Percent Increase (mean ± std across 10 seeds)

Model	Massive Disruption	Random Disruption	M-R Difference
RoPE	+115,929% ± 0.0%	+0.6% ± 0.7%	+115,929%
DroPE	+1,421% ± 0.0%	+0.2% ± 1.2%	+1,421%

Figure 3: Disruption Perplexity — *Figure 4: Perplexity after disruption (log scale). Zeroing massive values breaks RoPE (PPL 1 -> 1508) but only degrades DroPE (PPL 1.5 -> 23). Random controls cause negligible damage.*

Statistical validation:

We do some quick statistical tests because this is so cheap to do.

Paired t-test (massive vs random): p < 10⁻⁴⁸ for RoPE, p < 10⁻²⁹ for DroPE
Independent t-test (RoPE vs DroPE): p < 10⁻⁸⁷
Cohen's d > 1000

So I feel fairly confident that these results are significant!

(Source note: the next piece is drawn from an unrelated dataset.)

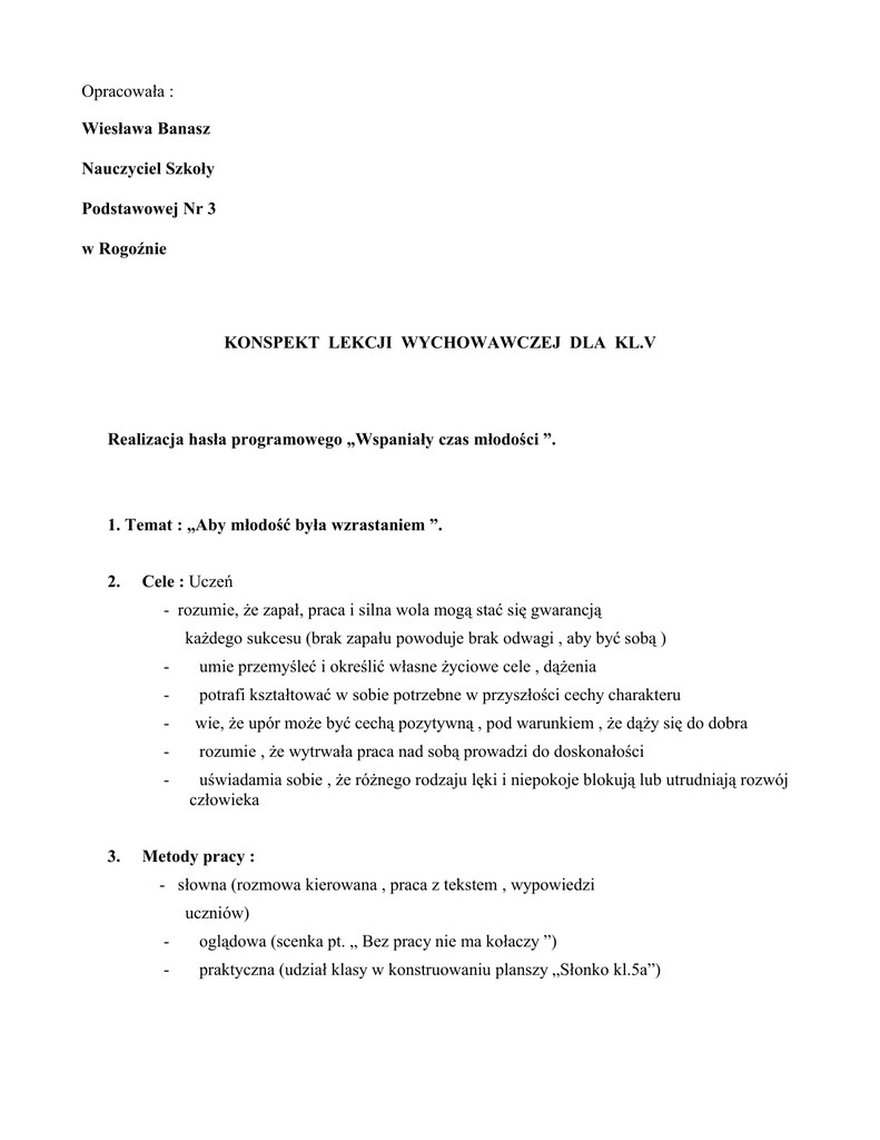 Opracowała : Wiesława Banasz Nauczyciel Szkoły Podstawowej Nr 3 w Rogoźnie KONSPEKT LEKCJI WYCHOWAWCZEJ DLA KL.V Realizacja hasła programowego „Wspaniały czas młodości ”. 1. Temat : „Aby młodość była wzrastaniem ”. 2. Cele : Uczeń - rozumie, że zapał, praca i silna wola mogą stać się gwarancją każdego sukcesu (brak zapału powoduje brak odwagi , aby być sobą ) - umie przemyśleć i określić własne życiowe cele , dążenia - potrafi kształtować w sobie potrzebne w przyszłości cechy charakteru - wie, że upór może być cechą pozytywną , pod warunkiem , że dąży się do dobra - rozumie , że wytrwała praca nad sobą prowadzi do doskonałości - 3. uświadamia sobie , że różnego rodzaju lęki i niepokoje blokują lub utrudniają rozwój człowieka Metody pracy : - słowna (rozmowa kierowana , praca z tekstem , wypowiedzi uczniów) - oglądowa (scenka pt. „ Bez pracy nie ma kołaczy ”) - praktyczna (udział klasy w konstruowaniu planszy „Słonko kl.5a”) 4. 5. Formy pracy : a. indywidualna b. grupowa c. zbiorowa Środki dydaktyczne : a. kamień i młotek - narzędzia rzeźbiarza b. strój wynalazcy piorunochronu – Beniamina Franklina c. ziarenka nasion, doniczki, papierowa kura d. drabina e. zdjęcia z okresu przedszkolnego f. magnetofon g. kolorowe plansze: 1) „Słonko kl.Va” 2) „Czas młodości to ..... 3) Praca nad sobą + Trwanie w dobrym = Doskonałość 6. Tok lekcji 6.1 Powitanie gości 6.2 Zapowiedź zajęć „Aby młodość była wzrastaniem” 6.3 Nauczyciel wieszając planszę z napisem : - Czas młodości to czas .... pyta : - Z czym Wam się kojarzy Czas młodości (zdanie to było do przemyślenia jako zadanie domowe). Najczęściej powtarzające się wersje zapisywane są na tablicy np.: Czas młodości to czas: - zabawy - uczenia się - nie przejmowania się kłopotami - rozczarowań - zdobywania nowych doświadczeń - radości - zakochiwania się - nieodpowiedzialności 6.4 Nauczyciel ustosunkowuje się do wypowiedzi. Czas młodości to czas nie tylko zabawy, rozrywek, beztroski , to także czas rozczarowań, zdobywania nowych doświadczeń, uczenia się i zmagania się z trudnościami. 6.5 Nauczyciel zachęca do refleksji: Refleksja – Zastanówcie się teraz - co zrobić z młodością? - jak ją wykorzystać, aby nie zmarnować możliwości - ku czemu poprzez młodość zmierzacie? Aby ukierunkować Wasze myślenie, proponuję wysłuchanie bajki o dwóch ziarenkach : „ Dwa ziarenka upadły w świeżo zaoraną rolę . Pierwsze rzekło : Chcę wzrastać, chcę zapuścić głęboko korzenie i wypuścić kiełek... Chcę rozwijać moje delikatne pączki jak transparenty ogłaszające nadejście wiosny.... Pragnę czuć ciepło słońca na swojej twarzy i błogosławieństwo porannej rosy na swoich płatkach I wyrosło. Drugie rzekło : Boję się zapuścić korzenie w głąb ziemi. Nie wiem, co mnie tam może spotkać w tych ciemnościach. Jeśli zacznę wzrastać, mogę zniszczyć moje delikatne kiełki, przeciskając się przez ziemię nade mną .... Co się stanie, jeśli otworzę moje delikatne pączki i jakiś ślimak będzie chciał je pożreć? Kiedy zakwitnę, jakieś dziecko może mnie wyrwać z ziemi. Nie, raczej wolę poczekać, aż będzie bezpieczniej. Więc czekało. Jakaś kura grzebiąc w ziemi na podwórku znalazła czekające ziarenko i po prostu je zjadła. ” Ziarenko – to ja (należy utożsamić siebie z pojęciem ziarenka) Jakim człowiekiem chcę być, czy tym , co podejmie trud i ryzyko wzrastania (tak jak ziarenko I), czy tym , który nie zaryzykuje i zostanie połknięty przez życie (tak jak ziarenko) 6.6 Uczniowie oglądają swoje zdjęcia z okresu przedszkolnego (tydzień wcześniej nauczyciel prosi by je przynieśli) Nauczyciel prowadzi rozmowę : N. : Pamiętacie czasy przedszkolne? ... Jak wiele rzeczy nie umieliście wówczas robić i jak wiele nauczyliście się przez te pięć lat. Czy ktoś z Was chciałby cofnąć się do przedszkola? U.: Nie N.: Dlaczego? U.: Jeszcze raz musiałbym U.: Tak N.: Dlaczego? U.: Wszystko umiałbym i nie uczyć się tabliczki mnożenia musiałbym uczyć się N. : Wynika z tego , że każdy z Was musiał włożyć niemały trud , aby posiąść tę wiedzę , którą posiadacie i stać się mądrzejszym człowiekiem . 6.7 Dyskusja na temat : - Czy można osiągnąć sukces bez pracy ? Opowiadanie inscenizowane pt. „ Bez pracy nie ma kołaczy ” ( w wykonaniu uczniów ) wg . K. Wójtowicza Narrator - Kiedyś zapytano Beniamina Franklina – wynalazcę piorunochronu – skąd u niego tyle wytrwałości . Wynalazca odpowiedział : Beniamin Franklin - Obserwował pan kiedyś rzeźbiarza przy pracy . Sto razy uderza on w to samo miejsce , a mimo to nie widać najmniejszej rysy . Ale potem za sto pierwszym razem kamień pęka . Jednak przecież , nie to ostatnie uderzenie przynosi sukces , lecz tamte sto poprzednich prowadzi do niego . - Rzeźbiarz rzeźbiący w kamieniu ! Nauczyciel pyta : Czy jednak gdy kamień pęknie dzieło rzeźbiarza jest ukończone ? Podsumowanie : Człowiek , podobnie jak ten rzeźbiarz przez całe życie wykuwa swój los. Ale tylko wtedy ten , kto uparcie dąży do celu , ten cel osiągnie . Pracując nad sobą kształtujemy charakter , umiejętności , życzliwość dla innych , umiejętność niesienia pomocy potrzebującym , bycia przyjacielem . „ Stawać się ” coraz bardziej człowiekiem , to wzrastać , zdobywać wiedzę , mądrość , pracować nad charakterem – wypracowywać cechy pozytywne , a negatywne eliminować . Rozwijać w sobie dobro i dostrzegać je w innych . „ Stawać się ” coraz bardziej człowiekiem – to kochać i szanować siebie i innych , tak samo jak chcielibyśmy aby nas kochano i szanowano . Żyć w prawdzie , zgodnie ze swoim sumieniem , nie krzywdzić nikogo słowem ani czynem . Aby młodość Wasza była wzrastaniem , radość życia , którą posiadacie nie może być zakłócon

Key ratio: RoPE relies 82× more on massive values than DroPE

Consistency Across Text Types

Text Type	RoPE PPL Increase	DroPE PPL Increase
Literary	+116,000%	+1,400%
Technical	+115,800%	+1,450%
Repetitive	+116,100%	+1,380%

Results are pretty consistent regardless of text content.

Interpretation

RoPE model: Zeroing massive values completely breaks the model. The model cannot function without these concentrated activations.

DroPE model: Zeroing massive values degrades but doesn't break the model. The model has learned alternative mechanisms that partially compensate.

Control condition: Zeroing random dimensions causes negligible damage in both models, proving massive values are specifically important, not just any high-norm dimensions.

Basically, both models have massive values, but RoPE is catastrophically dependent on them while DroPE is not.

Experiment 3: Parametric vs Contextual Knowledge

Background

Jin et al. (2025) demonstrate that massive value disruption affects tasks which use contextual knowledge far more than tasks which use parametric knowledge. We replicate their methodology on both RoPE and DroPE using the some of the same task categories:

Parametric Tasks (facts stored in model weights):

Cities (n=200): Yes/no factual statements ("Paris is in France")
Sports (n=100): Yes/no sports knowledge questions

Contextual Tasks (information extracted from input context):

IMDB (n=100): Sentiment classification from movie reviews
Passkey (n=20): Retrieve 5-digit number hidden in filler text

Disruption Method: We replace the top-1 massive dimension per head with the mean value.

Results

The results can be seen below.

Model	Category	Task	Baseline	Disrupted	Degradation
RoPE	parametric	cities	89.5%	57.5%	35.8%
RoPE	parametric	sports	60.0%	52.0%	13.3%
RoPE	contextual	imdb	44.0%	5.0%	88.6%
RoPE	contextual	passkey	100.0%	0.0%	100.0%
DroPE	parametric	cities	79.0%	88.5%	−12.0%
DroPE	parametric	sports	73.0%	67.0%	8.2%
DroPE	contextual	imdb	30.0%	15.0%	50.0%
DroPE	contextual	passkey	60.0%	60.0%	0.0%

Aggregated by category, it looks like:

*Figure 5: Degradation comparison across all tasks. RoPE shows significant contextual degradation, while DroPE is more robust.*

This is basically what we said in the summary: we replicate the results found in Jin et al., where RoPE is critical to contextual knowledge tasks but not parametric knowledge tasks. However, in DRoPE, contextual knowledge tasks are degraded way less, and parametric knowledge tasks seem to even improve slightly.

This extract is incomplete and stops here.